Говоря это, я чуть не плакала – так мне было досадно, что маман не хочет меня понять.
– Ecoute, Julie[12], – перебила маман (в торжественных случаях она всегда говорила со мной по-французски), – я, признаюсь, считала тебя умнее. Неужели ты не догадываешься, в чем дело?
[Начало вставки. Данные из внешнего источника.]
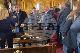 Истанбул (3 март 2024) Честване на националния празник на България - Трети март в Истанбул. На тържеството в българския метох, една от знаковите сгради на българското Възраждане от 1850 година, присъстваха генералният консул на България в Истанбул Васил Вълчев (вляво), представители от българската общност в Истанбул, представители на дипломатическата мисия на България в Истанбул, служители към Секретариата на Организацията за черноморско икономическо сътрудничество, аташетата по туризма и търговията. Гост на празника бе директорът на Дирекцията за международни отношения към голямата община на Истанбул Барбарос Бююксагнак.
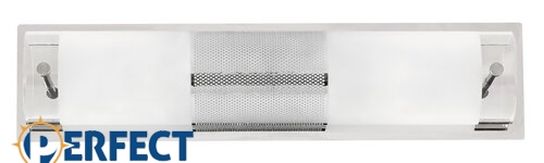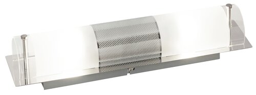Modern megjelenésű fürdőszobai fali lámpa, 2 darab E14-es foglalattal. 38 cm széles, króm színű fémből készített lámpatest, opálüveg és áttetsző, hálós fém búrával. A lámpatest E14-es foglalatú, max. 2x 40W teljesítményű  halogén vagy energiatakarékos fényforrásokkal is használható.

Я только начинала догадываться, но отвечала решительно:
– Нет!
– Он любит тебя.
Я вздрогнула…
– Как? Штевич? Любит меня?.. Этот грязный старик!.. Этот подъячий!.. С чего вы взяли это, маман? Разве он вам сказал?
– Да, сказал.
– И вы его не выгнали из дому?
– Нет.
Я была уничтожена…
– Послушай, Жюли, – сказала маман, подвигаясь ко мне и взяв меня за руку. – Не дурачься. Ты не знаешь людей и судишь о них очень поверхностно. Что такое «подъячий»? Пустое слово, которое ты поймала с ветру и затвердила как попугай. Ксаверий Осипович не писарь какой-нибудь. Он дворянин и коллежский ассесор, служит не по найму и кроме службы имеет свои небольшие средства, – это во-первых. А во-вторых, он совсем не старик. Наконец, и это тоже немаловажно, я знаю его давно и ручаюсь тебе, что он человек хороший. Конечно (она тяжело вздохнула), было время, когда я желала тебе лучшей партии, но это время прошло, и ты сама понимаешь, мой друг, что теперь ты должна оставить слишком большие претензии. Честь и доброе имя для женщины выше всего на свете, а ты рисковала бы тем и другим в замужестве за кем-нибудь из людей… – «порядочных», очевидно, она хотела сказать, но удержалась вовремя и захныкала.
Я сидела как истукан, немая и неподвижная. Руки и ноги мои охолодели.
Похныкав, маман обняла меня, поцеловала, потом понюхала табаку и продолжала:
– Если б еще ты могла остаться не замужем… Но после того, что было, тебе нельзя оставаться в девках; тебе нужен муж, человек опытный и солидный, в котором ты могла бы найти твердую точку опоры против соблазна. Подумай об этом, Жюли, подумай, как скользко и как опасно твое положение, и как мало надежды найти из него какой-нибудь лучший исход. Впрочем, я не неволю тебя, и если ты непременно хочешь, я могу пристроить тебя иначе. Можно найти тебе место в хорошем доме – в качестве гувернантки.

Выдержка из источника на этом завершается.